Data for analysis
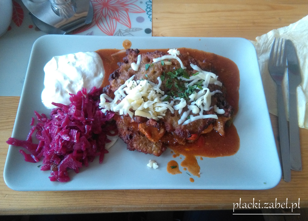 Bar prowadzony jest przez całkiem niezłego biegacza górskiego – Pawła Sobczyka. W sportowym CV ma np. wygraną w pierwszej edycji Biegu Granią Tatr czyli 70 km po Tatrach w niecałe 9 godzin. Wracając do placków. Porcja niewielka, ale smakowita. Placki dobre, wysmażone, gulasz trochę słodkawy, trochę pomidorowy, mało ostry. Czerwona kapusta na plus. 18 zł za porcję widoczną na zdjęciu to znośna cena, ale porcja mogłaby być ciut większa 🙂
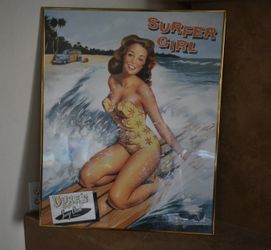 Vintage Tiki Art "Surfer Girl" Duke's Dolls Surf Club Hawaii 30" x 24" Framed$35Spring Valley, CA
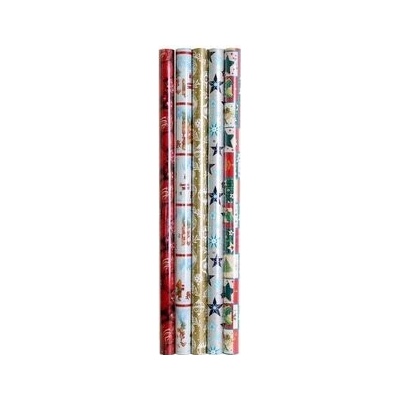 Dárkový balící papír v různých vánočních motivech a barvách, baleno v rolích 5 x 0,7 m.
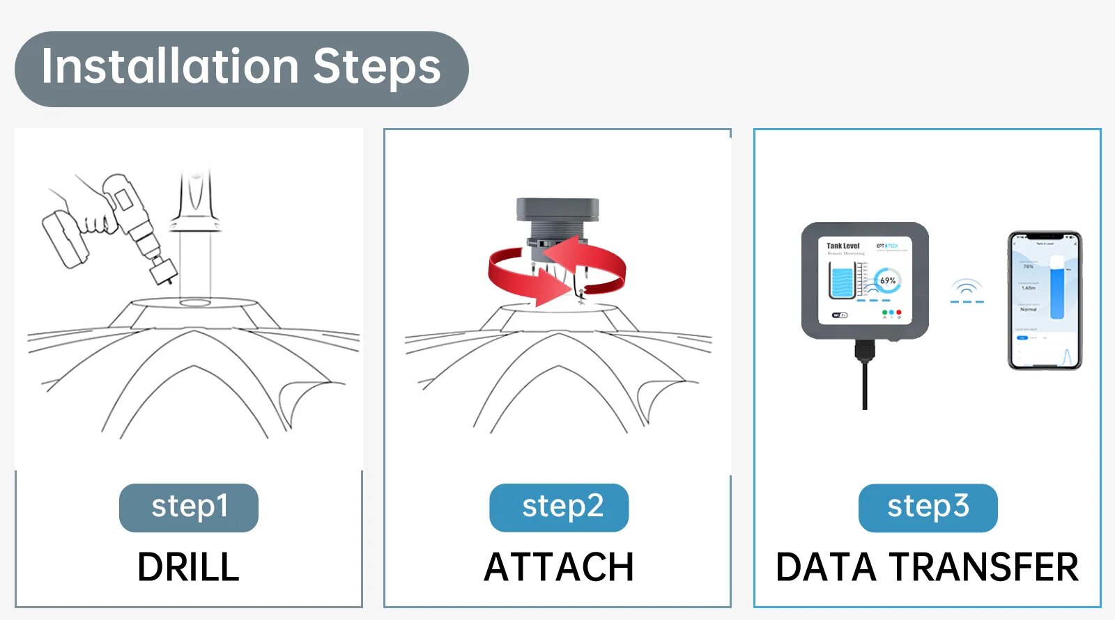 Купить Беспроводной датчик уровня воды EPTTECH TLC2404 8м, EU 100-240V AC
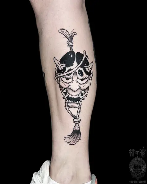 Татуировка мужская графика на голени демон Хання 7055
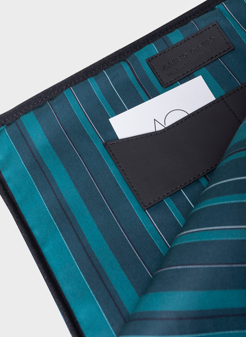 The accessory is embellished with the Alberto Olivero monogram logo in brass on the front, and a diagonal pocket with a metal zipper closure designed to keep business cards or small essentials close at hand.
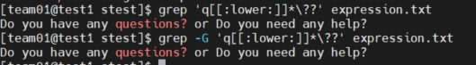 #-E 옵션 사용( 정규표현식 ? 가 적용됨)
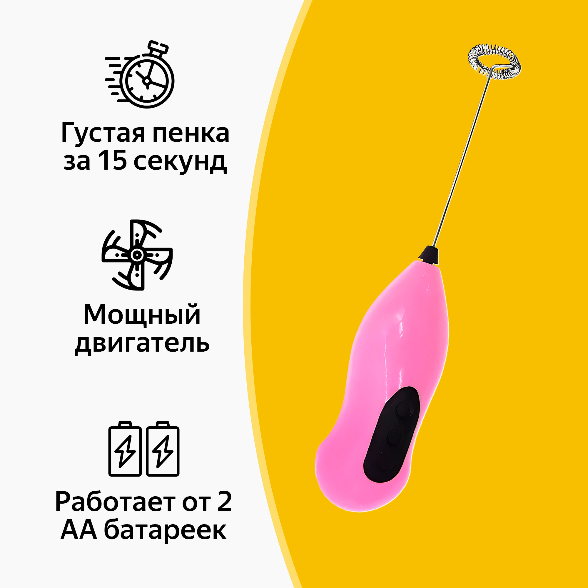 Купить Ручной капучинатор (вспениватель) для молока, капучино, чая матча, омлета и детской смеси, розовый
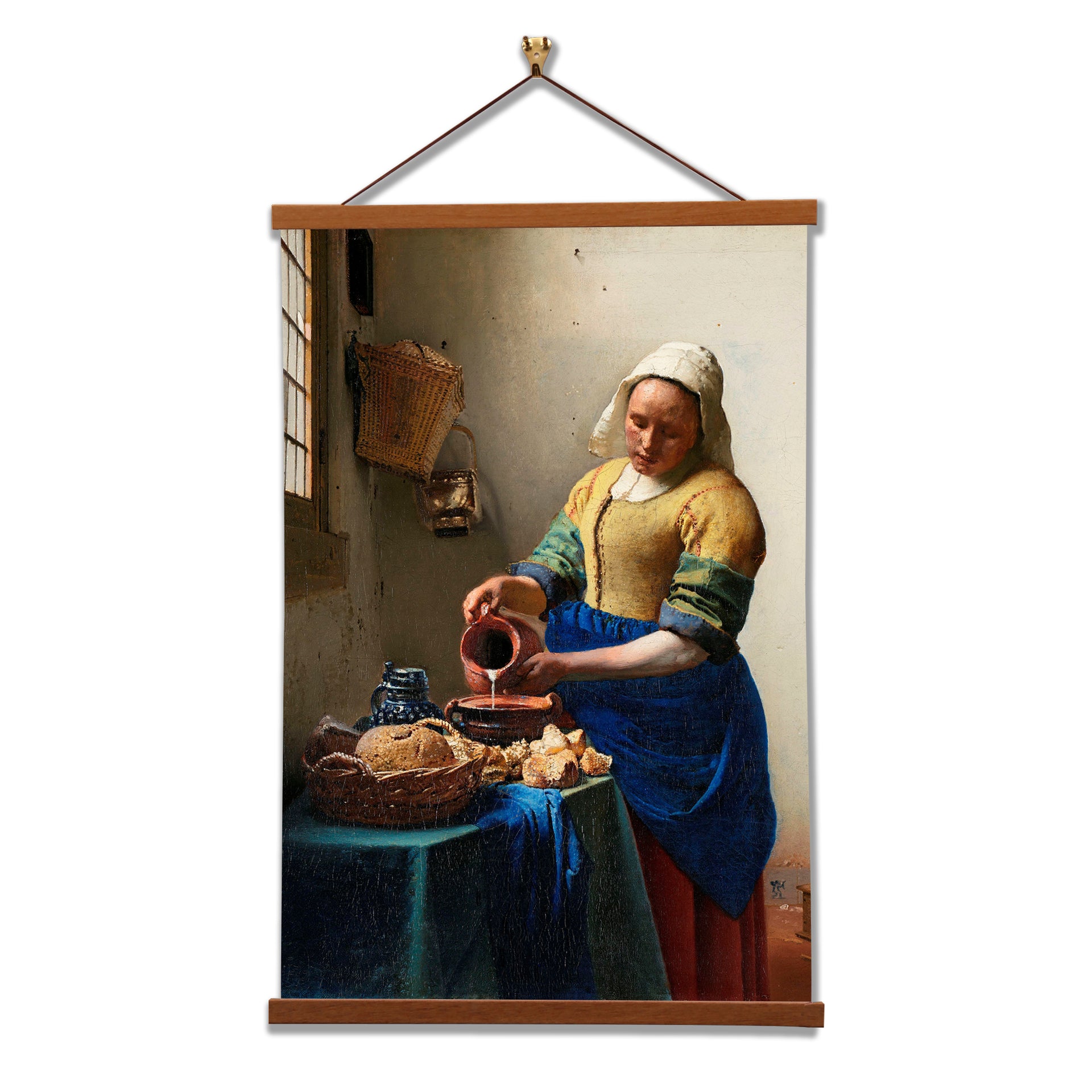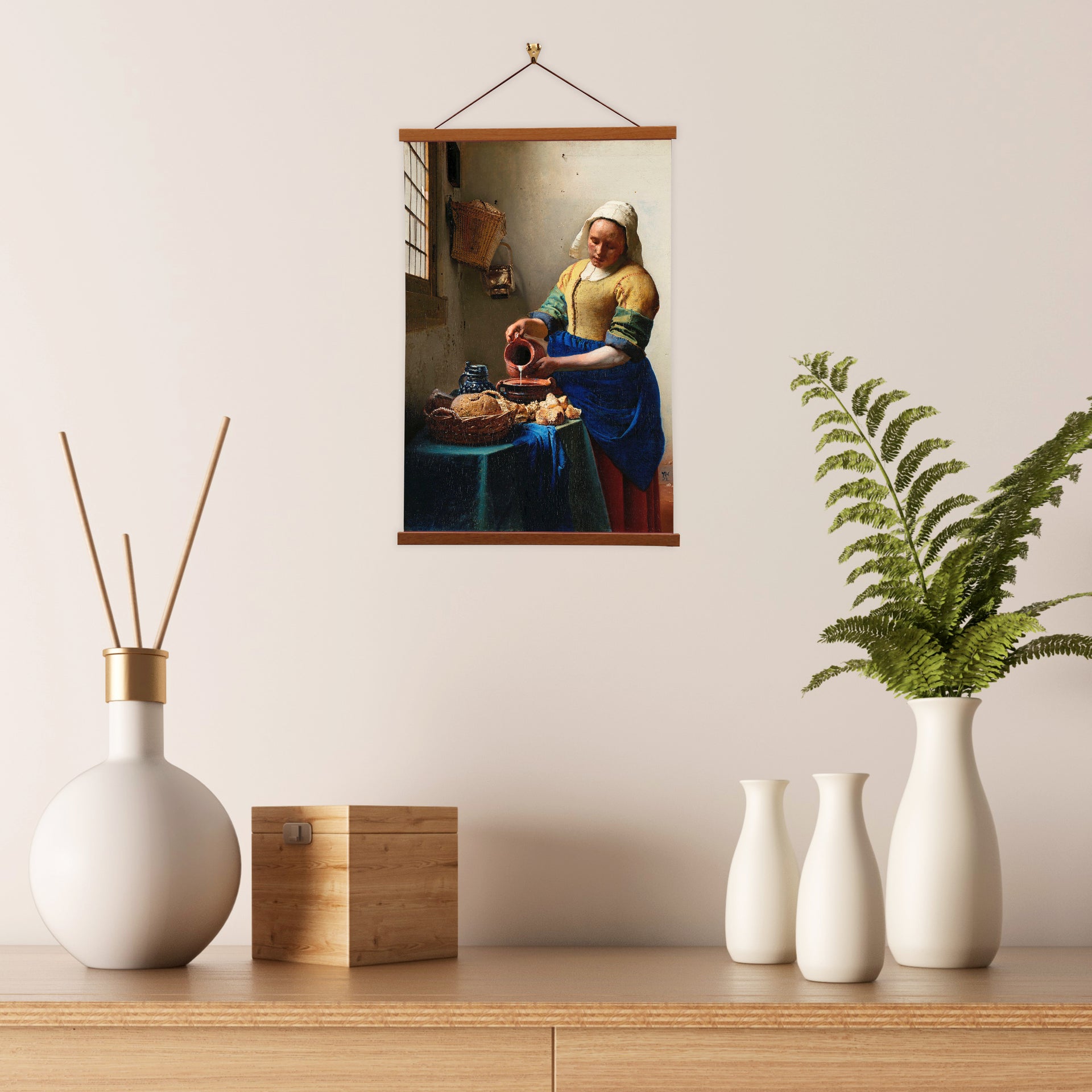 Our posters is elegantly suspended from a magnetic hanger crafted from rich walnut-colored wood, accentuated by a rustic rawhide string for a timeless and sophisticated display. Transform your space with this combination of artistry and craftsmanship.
* * *
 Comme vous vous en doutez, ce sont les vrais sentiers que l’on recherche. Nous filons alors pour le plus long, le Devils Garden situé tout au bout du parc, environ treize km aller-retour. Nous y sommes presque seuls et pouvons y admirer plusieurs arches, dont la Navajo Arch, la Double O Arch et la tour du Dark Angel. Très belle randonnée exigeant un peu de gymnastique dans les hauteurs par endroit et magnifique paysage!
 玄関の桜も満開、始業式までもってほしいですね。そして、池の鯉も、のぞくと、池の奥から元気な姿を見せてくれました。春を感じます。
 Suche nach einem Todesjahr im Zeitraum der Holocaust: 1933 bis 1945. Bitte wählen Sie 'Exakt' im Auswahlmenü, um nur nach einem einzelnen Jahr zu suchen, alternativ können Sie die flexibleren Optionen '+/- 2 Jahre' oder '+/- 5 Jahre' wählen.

Task to carry out
From the line containing "Bar prowadzony jest" through the line containing "Купить Ручной капучинатор", copy every line above exactly, without pictures.

Response to the task
 Bar prowadzony jest przez całkiem niezłego biegacza górskiego – Pawła Sobczyka. W sportowym CV ma np. wygraną w pierwszej edycji Biegu Granią Tatr czyli 70 km po Tatrach w niecałe 9 godzin. Wracając do placków. Porcja niewielka, ale smakowita. Placki dobre, wysmażone, gulasz trochę słodkawy, trochę pomidorowy, mało ostry. Czerwona kapusta na plus. 18 zł za porcję widoczną na zdjęciu to znośna cena, ale porcja mogłaby być ciut większa 🙂
 Vintage Tiki Art "Surfer Girl" Duke's Dolls Surf Club Hawaii 30" x 24" Framed$35Spring Valley, CA
 Dárkový balící papír v různých vánočních motivech a barvách, baleno v rolích 5 x 0,7 m.
 Купить Беспроводной датчик уровня воды EPTTECH TLC2404 8м, EU 100-240V AC
 Татуировка мужская графика на голени демон Хання 7055
 The accessory is embellished with the Alberto Olivero monogram logo in brass on the front, and a diagonal pocket with a metal zipper closure designed to keep business cards or small essentials close at hand.
 #-E 옵션 사용( 정규표현식 ? 가 적용됨)
 Купить Ручной капучинатор (вспениватель) для молока, капучино, чая матча, омлета и детской смеси, розовый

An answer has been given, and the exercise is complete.